Is it any wonder we neglect our quiet yearnings to sculpt, to write, to draw, to paint? There’s too much at stake. Being an artist means risking our sanity, our livelihood, our lives themselves. Even if we resist the enticing allure of the tortured artist mythos, most of us still buy in to the romantic idea that being an artist requires dramatic change: if we want to write, we have to quit our day jobs and be willing to die nobly (penniless in a gutter preferably) for our art. We have to smoke cigarettes while wearing a cynical too-cool attitude and a sullen expression on our face. We have to engage in deep, pretentious, philosophical discussions about what qualifies as “real” art. Or sell our house and move to a picturesque studio in Paris or a brownstone in Brooklyn, New York. In other words, being an artist is entirely incompatible with who we are today.

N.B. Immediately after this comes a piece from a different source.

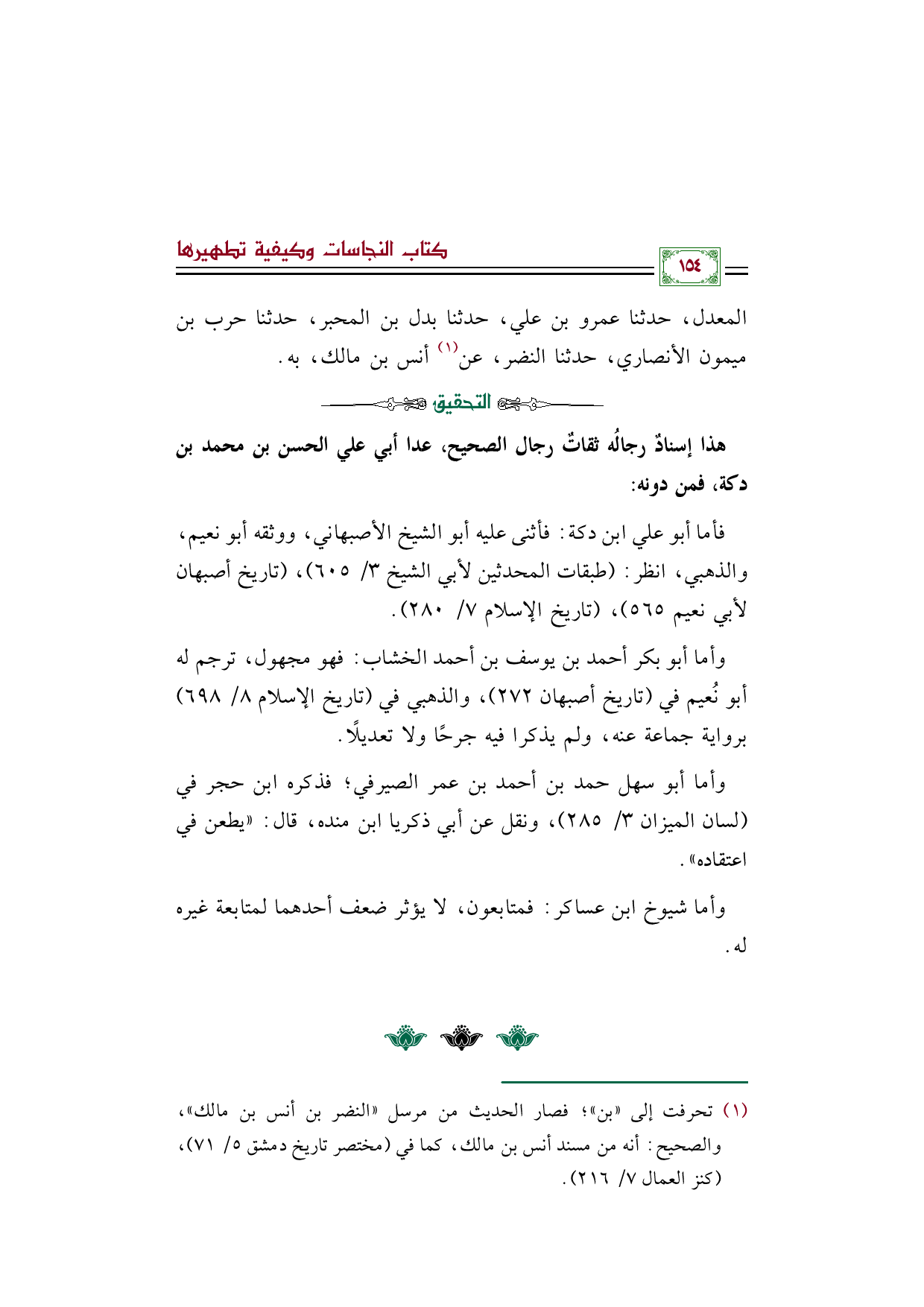 (¬١) تحرفت إلى ((بن))؛ فصار الحديث من مرسل ((النضر بن أنس بن مالك))، والصحيح: أنه من مسند أنس بن مالك، كما في (مختصر تاريخ دمشق ٥/ ٧١)، (كنز العمال ٧/ ٢١٦).

But what if creative living is, as writer of enormous generosity of spirit Elizabeth Gilbert suggests, simply the “courage to bring forth the treasures” that are hidden within us? What if we could be more creative in our lives as they’re constituted today? What if creative living wasn’t all this agony and torment (and let’s be honest: at this point the “tortured artist” persona is a trite cliche) but rather a joyful, light-hearted, playful way of being?
For me, creative living only requires one thing: a willingness to be a more enlarged version of ourselves. Being an artist doesn’t mean making a living exclusively from our art- it means having the courage to follow the trail of our curiosity a little bit everyday. What fascinates your intellect? enchants and enthralls your spirit? engrosses your attention? More than a job, being an artist is a way of inhabiting the world, a certain orientation. To live creatively is to really live: to be alert and awake to existence’s pure bliss. It’s to love at the greatest heights and to feel at the profoundest depths. It’s bringing something forth into the world that didn’t exist before, not for awards or acclaim or some other external reward, but for its own sake. And more than anything, creative living is unearthing transcendence from the mundanity of the everyday.